A good holiday beer simply tastes beyond compare.

Not that all of them do. I hate to say it -- because I like the gesture and am a bit of a naughty elf myself -- but the Bad Elf beers taste rather shallow to me. Ridgeway's Bad Elf, Very Bad Elf, Criminally Bad Elf and Insanely Bad Elf ($5 to $7.50, available around town) don't taste all that "bad" to me. The marketing behind the beer certainly evokes grins and chuckles, but the beers taste mostly cloying.

I know "bad," and these beers ain't it.

Now, I admit that my all-time favorite go-to bad beer is Celebration Ale from Sierra Nevada (six-packs range from $7 to $9). True, I might not get the English sensibility behind those Bad Elf beers, but if you ask me, Celebration kicks them clear out of the North Pole when it comes to a twinkle and good cheer.

But though Celebration sustains my spirit day to day, year to year, I like to pepper the season with rarities that spark the darkness. So I asked Pamela Hatzis, owner of La Bodega liquor store in the University Center mall, for a recommendation.

She didn't bother making a list. Dupont Bon Vouex shot right to the top.

"It's a hidden gem," she said, "because the brewery doesn't make the label overly 'Christmas-y,' so only people who know how good it is get it."
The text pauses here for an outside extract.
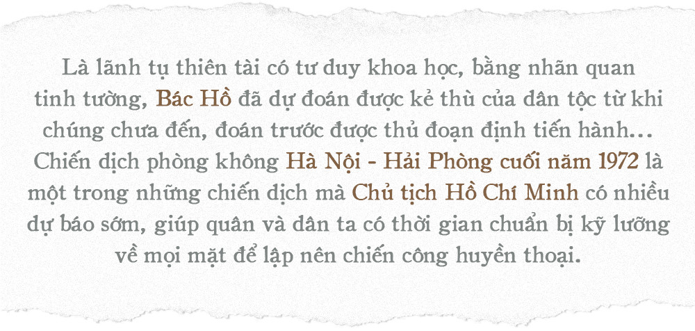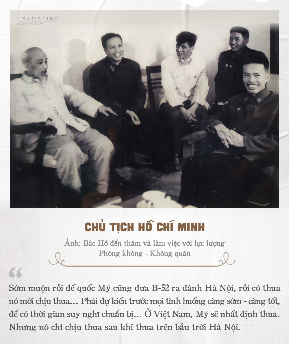 Không phải ngẫu nhiên mà Chủ tịch Hồ Chí Minh lại dành sự quan tâm đặc biệt tới B-52. Cuối năm 1967, sau khi nghe báo cáo của ông Phùng Thế Tài (lúc này là Phó Tổng Tham mưu trưởng phụ trách Phòng không - Không quân), Chủ tịch Hồ Chí Minh đã khẳng định: “Sớm muộn rồi đế quốc Mỹ cũng đưa B-52 ra đánh Hà Nội, rồi có thua nó mới chịu thua... Phải dự kiến trước mọi tình huống càng sớm - càng tốt, để có thời gian suy nghĩ chuẩn bị… Ở Việt Nam, Mỹ sẽ nhất định thua. Nhưng nó chỉ chịu thua sau khi thua trên bầu trời Hà Nội”.

The Dupont comes in a big green corked bottle with a yellow label ($10.95). It pours cloudy and effervescent, and it has all the hallmarks of a Belgian Saison -- spicy and lively with a bit of funk and bitterness. The full name of the beer, Avec les bons Voeux de la brasserie Dupont, means "with the best wishes of the brewery Dupont."
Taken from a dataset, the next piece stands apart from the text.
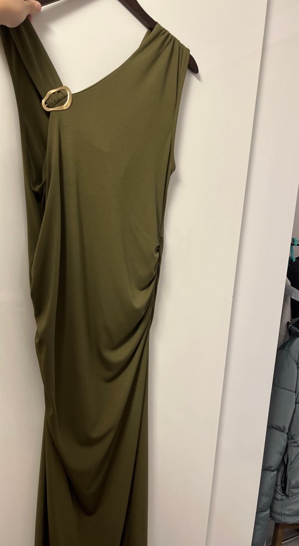 Kolsuz, V yakalı, drapeli haki uzun elbise. Yumuşak sentetik kumaştan, rahat ve minimalist tarzda günlük kullanım için uygundur.

The beer originally went to brewery clients as New Year's gifts but now reaches beer lovers across the pond. The style and quality of Dupont make it a sprightly, rich brew ideal for those nights when "the usual" just won't do.

Stille Nacht, a Belgian beer from De Dolle Brouwers ($5.25), also tastes beyond compare but with a sweet, sticky temperament. The brewery increases the alcohol, body and fruit-sugar intensity by adding candi sugar to the kettle. Expect aromas and flavors of plums, apricots, cherries. It sells in manageable 11.6-ounce bottles that can sate even two imbibers.
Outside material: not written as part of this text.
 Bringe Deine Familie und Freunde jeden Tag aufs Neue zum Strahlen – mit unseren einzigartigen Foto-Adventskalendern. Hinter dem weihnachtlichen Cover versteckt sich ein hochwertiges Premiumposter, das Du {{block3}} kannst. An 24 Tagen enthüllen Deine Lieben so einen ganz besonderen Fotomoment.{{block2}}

Plenty of other beers make for awesome gifts or nightcaps this time of year. Try 750-milliliter bottles of Scaldis Noel ($18.95), Scaldis Prestige ($43.95) or Gulden Draak Vintage Ale ($13.95), or go for broke on gift packs and giant bottles of good stuff.

Right now at La Bodega, you can find a Boucanier Golden Ale gift set with a glass for $17.95, along with monstrous 3-liter bottles of Ommegang Abbey Ale, Duvel Belgian Strong Ale and Chimay for $75, $85 and $75 respectively.

Just browse, my friends, because the choices are really beyond compare. Beer aisles everywhere look flush, robust and super-bad to the bone.

Super-bad beer note

Talk about a super, deadly bad holiday gift -- check out the 2007 Deadly Sin gift pack by Midnight Sun Brewing Co.: a seven-pack of 22-ounce bottles of Gluttony Trippel IPA, Envy Imperial Pilsner, Greed Belgian-Style Single, Wrath Belgian-Style Double IPA (simply fabulous), Sloth Belgian-style Imperial Stout, Pride Belgian-style Strong Pale Ale and Lust Belgian-Style Dark Strong Ale.

They were still working on pricing at deadline, but the pack's available starting today at the brewery (7329 Arctic Blvd.; 344-1179).

Looking ahead

Alaskan Brewing Co. will spread the wealth in January by putting Alaskan Barley Wine in 22-ounce bottles for the first time. Everyone's been asking for bottles since the beer went on tap at the Great Alaska Beer and Barley Wine Festival in 2003.

The brewery makes the beer in the spring and stores it in the tunnels of the Alaska-Juneau Gold Mine. (No, bad elf, this it not a good time to take up gold mining.)